L’intelligence artificielle (IA) et les technologies modernes ont occupé une place centrale lors des troisièmes journées d’endocrinologie et de diabétologie, initiées par la clinique Laribère du Centre Hospitalo-Universitaire (CHU) d’Oran, dont les travaux ont pris fin vendredi.
Par Tihinane Bendahmane
Nombre de participants à cette troisième édition, accueillie par l’Ecole supérieure d’hôtellerie et de restauration (ESHRA) d’Oran, ont mis en avant l’apport de ces outils modernes dans le dépistage et le suivi des pathologies endocriniennes et du diabète, ainsi que dans l’amélioration de la prise en charge des malades.
À cet égard, Pr Soumia Faidallah, présidente de la Société algérienne d’endocrinologie et du métabolisme, et cheffe de service d’endocrinologie à l’hôpital de Bab El Oued (Alger), a déclaré que les technologies modernes, en particulier l’intelligence artificielle, “constituent une révolution technologique à l’échelle planétaire qui aide à accroître la précision des soins de santé et à proposer des plans de traitement individualisés pour chaque patient”.
Les usages de l’IA dans les maladies endocriniennes sont multiples. Ils englobent l’analyse des profils hormonaux en traitant d’énormes quantités de données médicales afin de détecter les dysfonctionnements glandulaires, comme les troubles de la thyroïde, en plus de fournir des indications précises sur les doses d’insuline, l’alimentation adaptée et l’activité physique pour chaque cas, tout en aidant les médecins à évaluer les risques et à accélérer la décision thérapeutique.

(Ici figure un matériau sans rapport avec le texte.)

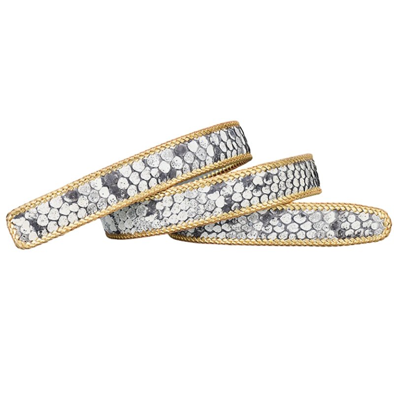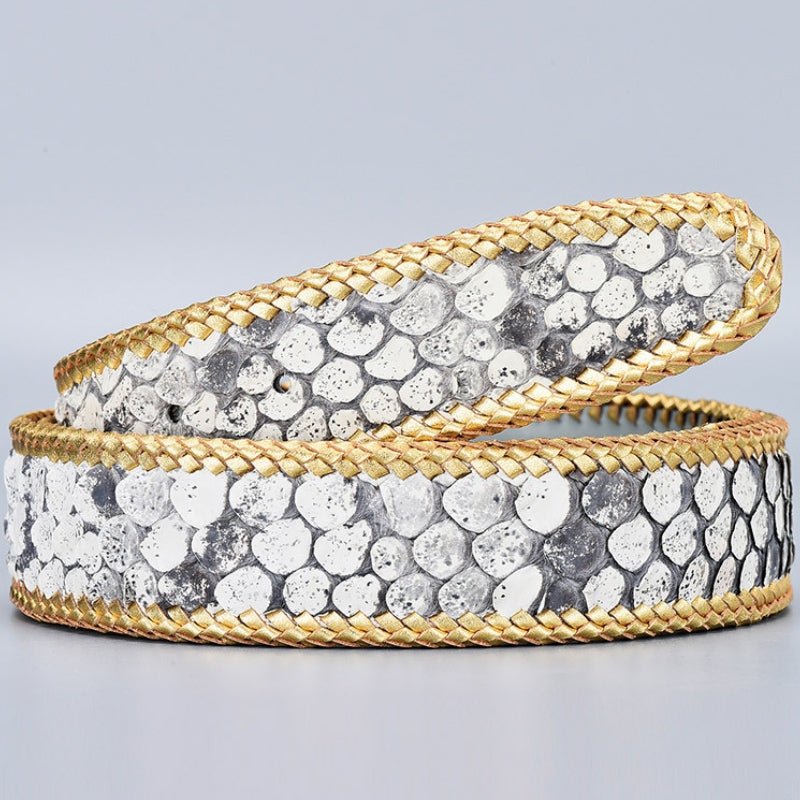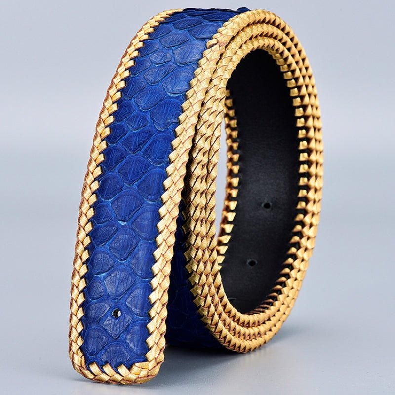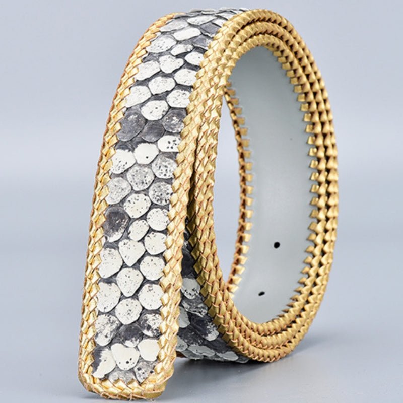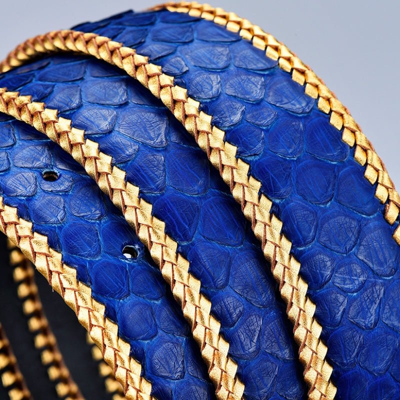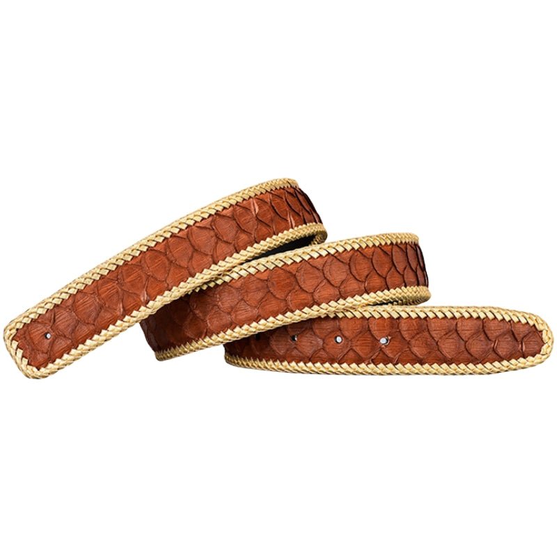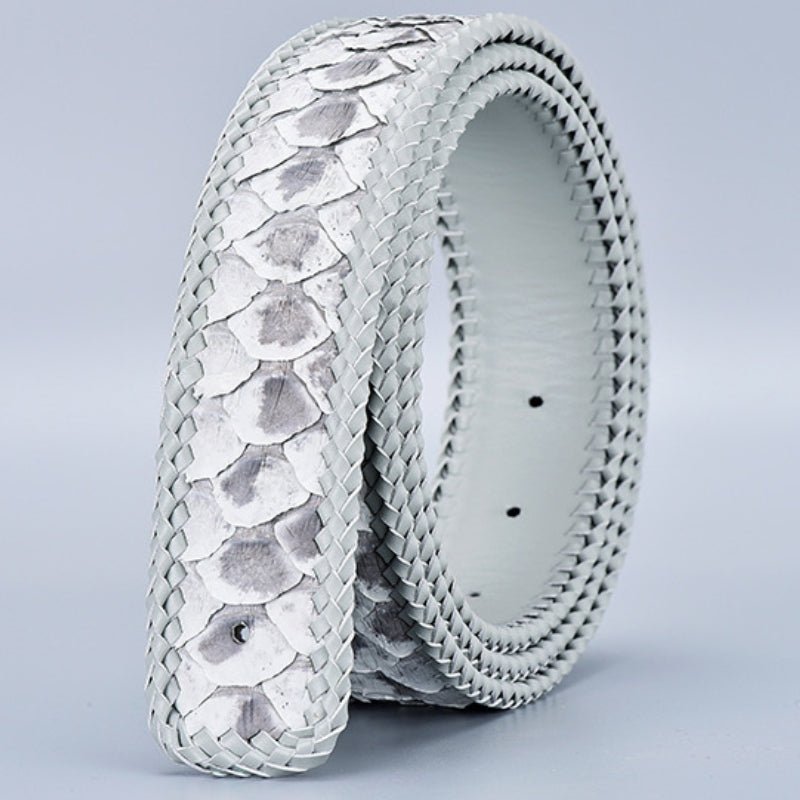 Designed for distinctive texture and long-lasting wear, this belt delivers structured support with a bold, natural surface. Made from genuine python skin leather, it features a pronounced scale pattern and hand-braided leather edging that reinforces the profile. The smooth leather backing adds comfort against the waist, while the clean cut and evenly spaced holes ensure reliable everyday fit for casual or tailored looks.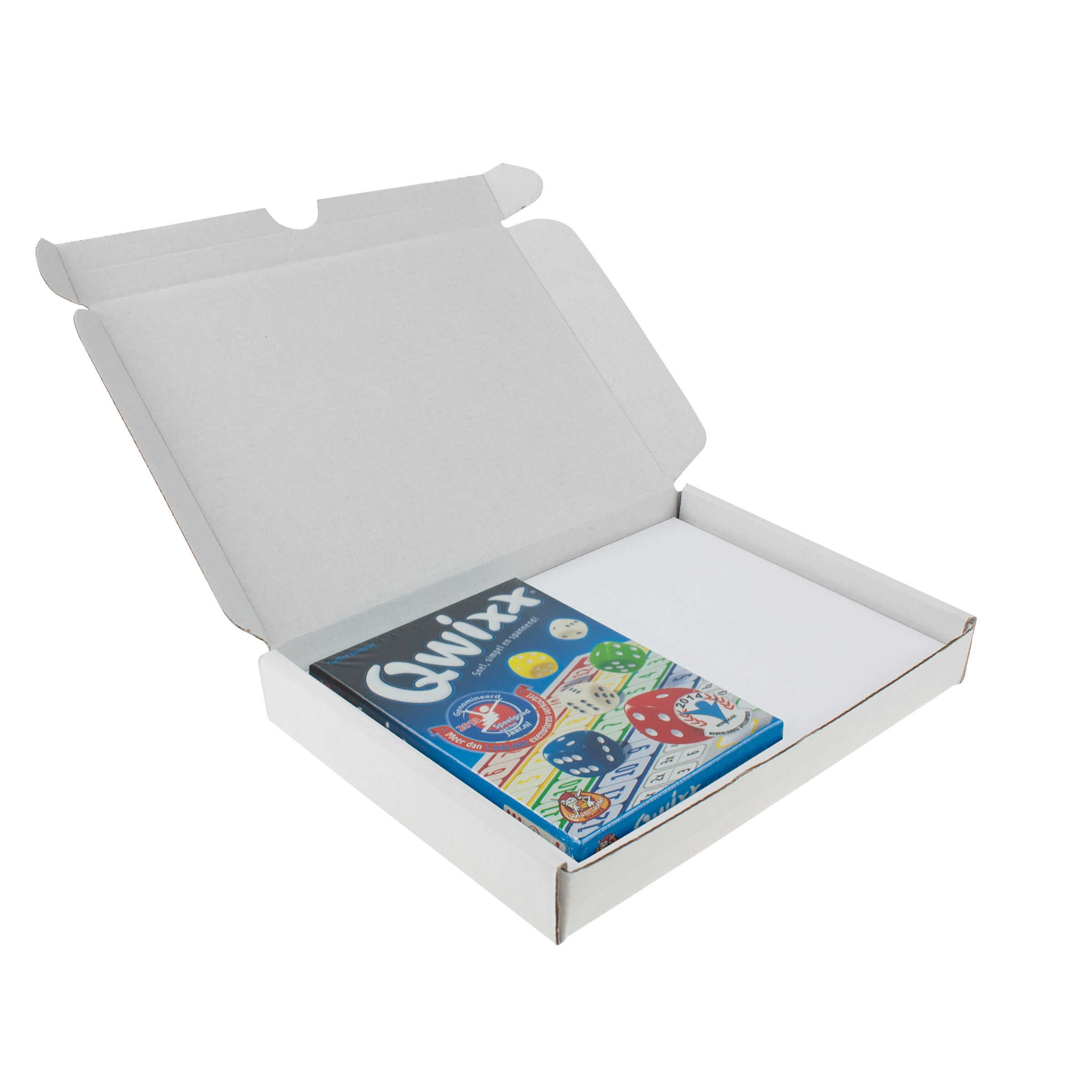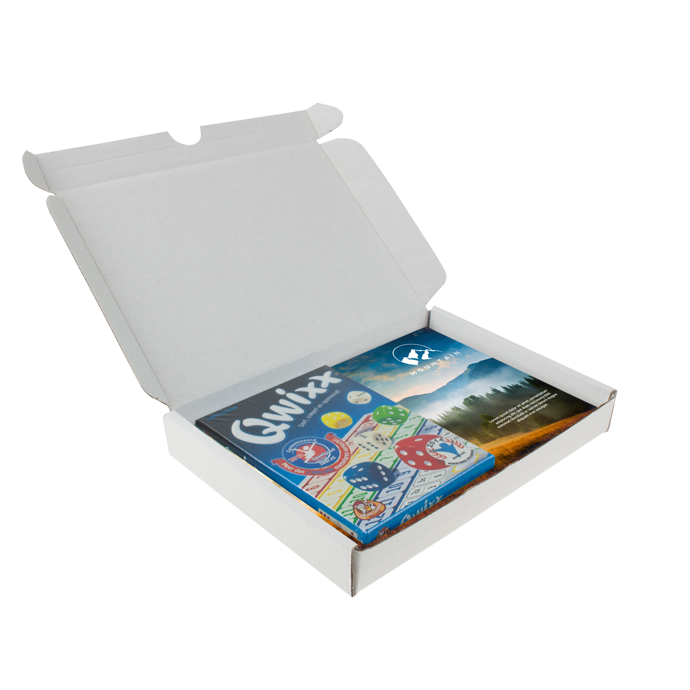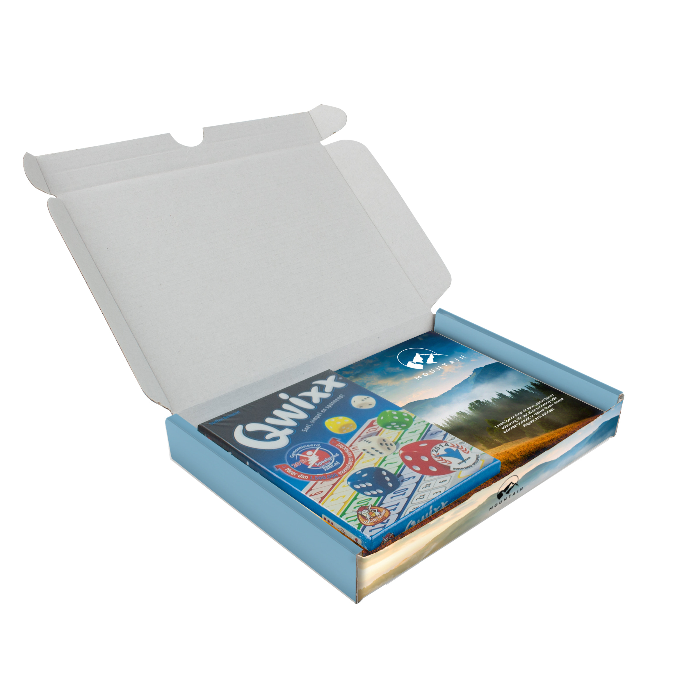 Qwixx ist ein Spiel, das wirklich nie langweilig wird! Mit Qwixx musst du nicht warten, bis du an der Reihe bist, denn jeder kann den Wurf nutzen, den der aktive Spieler würfelt! Je mehr Zahlen Sie auf dem Bewertungsbogen ankreuzen, desto mehr Punkte erhalten Sie. Qwixx lässt sich in zwei Minuten erklären und ist spannend bis zum letzten Wurf. Vervollständigen Sie das Werbegeschenk mit einer vollfarbigen, personalisierten Geschenkbox, einem Inlay, einem Flyer oder einer Hülle um die Verpackung.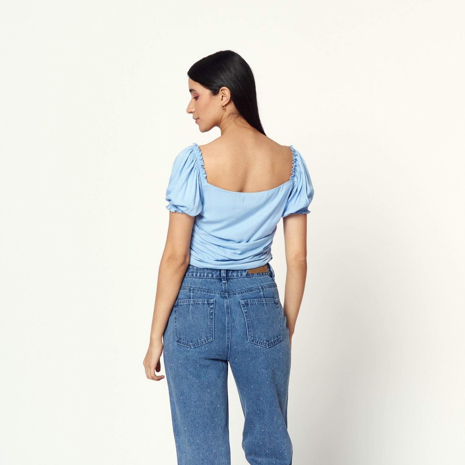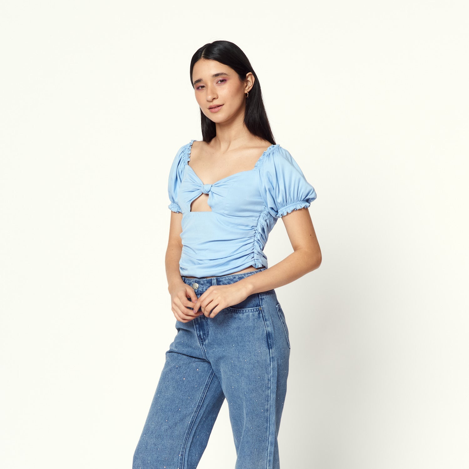¡Luz y movimiento! Blusa en rayón con fit relajado y caída fluida. El tono celeste ilumina y aporta frescura a tu look de temporada.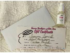 Dull skin, acne prone, dry skin, tired skin? You will want this gift certificate for a custom facial with Carlie Nething at Bunny Boutique and Wax Bar. Plus a bonus bottle of Eye Serum.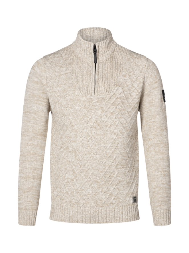 Warme kabeltrui met een driekwart rits. Met warme col. Tijdloos model en helemaal van deze tijd!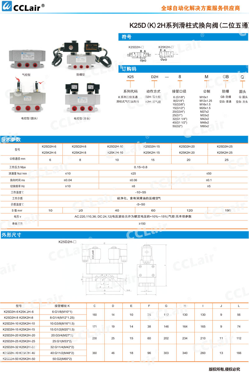K25D2H-6,K25D2H-8,K25D2H-10,K25D2H-25,K25K2H-15,K25K2H-20,K25K2H-25,二位五通滑柱式氣控換向閥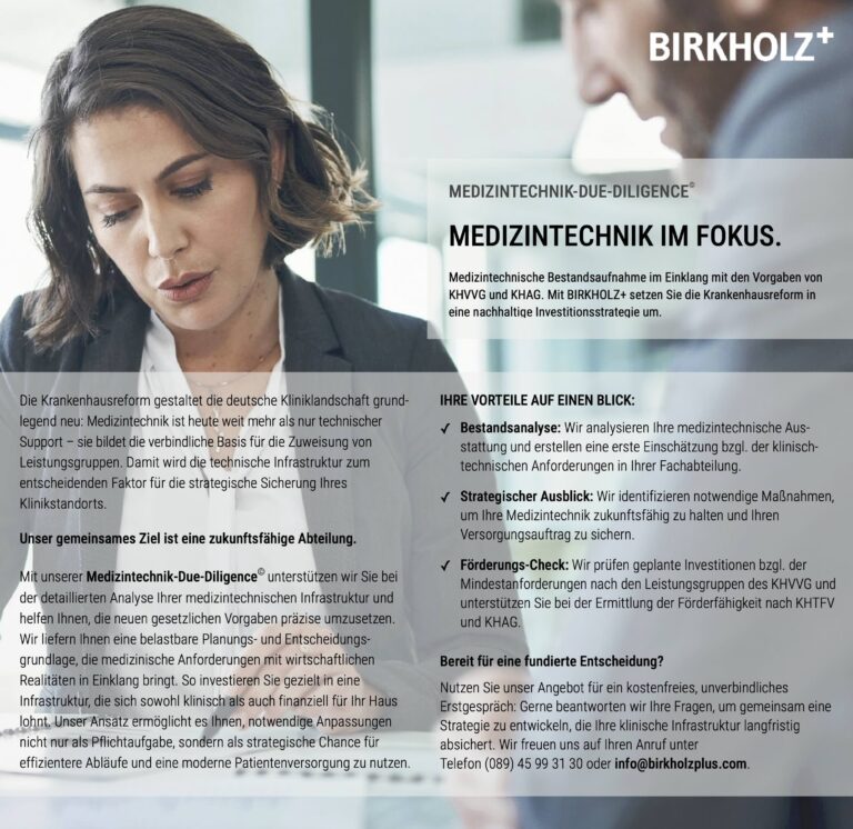 Das Krankenhausversorgungsverbesserungsgesetz (KHVVG) setzt für die neuen Leistungsbereiche/-gruppen spezifische medizintechnische Mindestanforderungen voraus und definiert digitale Standards. Sind die Funktionsabteilungen Ihres Krankenhauses darauf vorbereitet? Eine bewährte Methode, um dies herauszufinden, ist die Medizintechnik-Due-Diligence© von BIRKHOLZ+. Mit unserer Medizintechnik-Due-Diligence© verfolgen wir das Ziel, die aktuellen Digitalisierungsmaßnahmen sowie die technische Ausstattung einer Funktionsabteilung sach- und fachgerecht zu bewerten.…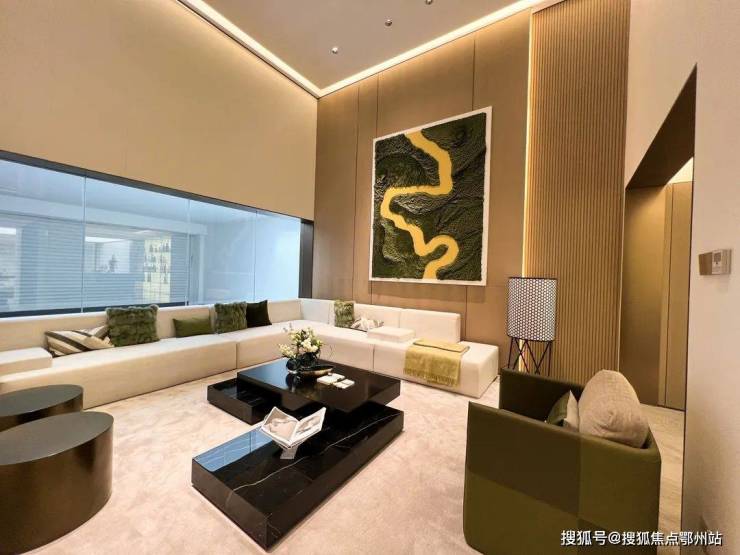 进入客厅,米白色的沙发搭配墨绿色的地毯让人眼前一亮,高级感油然而生。除了亮丽的装修风格,约250%的超高拓展空间也是让人赞叹不已,聚会、休闲、改造、观影、品茶、赏景…….一键解锁生活所有可能。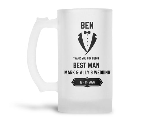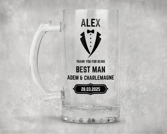 Personalised Clear Glass Beer Tankard Mug - Best Man Wedding Design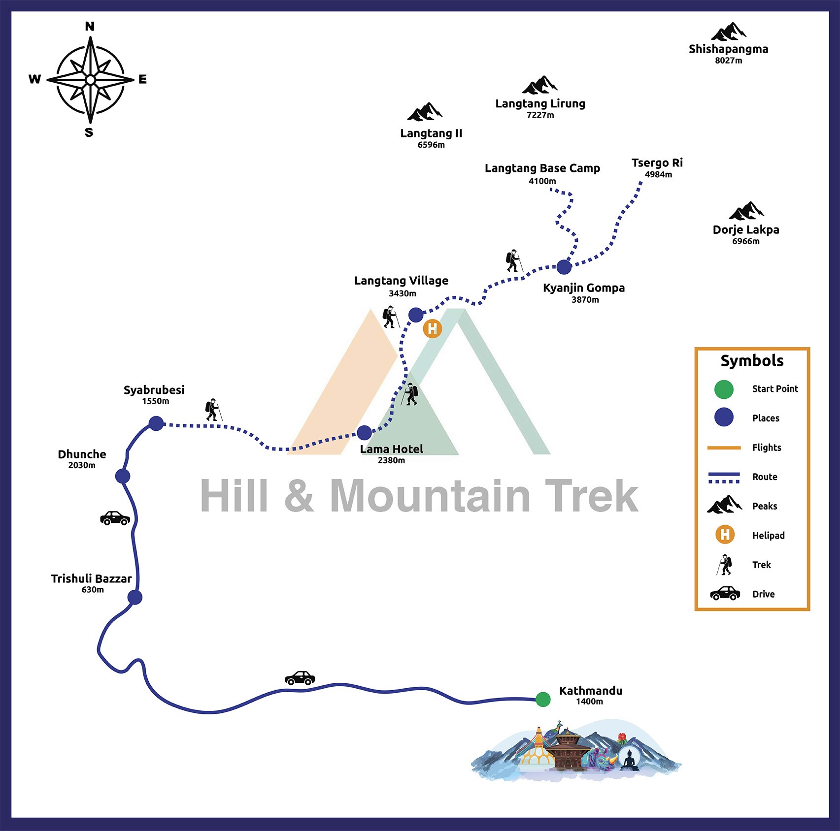 Arrive at Tribhuvan International Airport and transfer to your hotel in Kathmandu. Meet your trekking guide for a briefing about the Langtang Valley trek. Spend the evening exploring Thamel, shopping for essentials, or relaxing after your journey.

La responsable a insisté sur la nécessité de renforcer la coopération et la coordination avec les différentes universités et centres de recherche algériens afin de valoriser leurs résultats scientifiques, notamment en ce qui concerne les applications de l’IA dédiées au domaine de la santé, qui sont nombreuses, selon elle.
De son côté, Pr. Souad Mahkoum, spécialiste en diabétologie, endocrinologie et maladies métaboliques, représentante de la Société algérienne nationale du diabète, a affirmé que l’intégration de l’intelligence artificielle connaît un essor considérable au niveau mondial et devrait apporter un changement majeur dans la prise en charge des patients diabétiques et l’amélioration de leur qualité de vie.
Quant au Pr. Merad Mohamed Samir, chef de l’unité d’endocrinologie au service de diabétologie et d’endocrinologie du CHU d’Oran, il a indiqué que, dans le cadre de l’utilisation des technologies modernes, un dispositif est récemment commercialisé en pharmacie. Il s’agit de capteurs (patchs) appliqués directement sur la peau et reliés à une application mobile, permettant à la personne atteinte de diabète de surveiller sa maladie 24h/24 pendant 15 jours, de recevoir des conseils en temps réel sur l’alimentation et l’activité physique, et de fournir de l’insuline au corps en remplacement des injections.
Organisée par la clinique Laribère du CHU d’Oran, cette rencontre a vu la participation de 250 spécialistes venus de tout le pays sous le slogan “Au cœur des mutations en endocrinologie, diabétologie et maladies métaboliques”, avec pour objectif de partager les connaissances et les innovations récentes afin d’améliorer la qualité des soins de santé.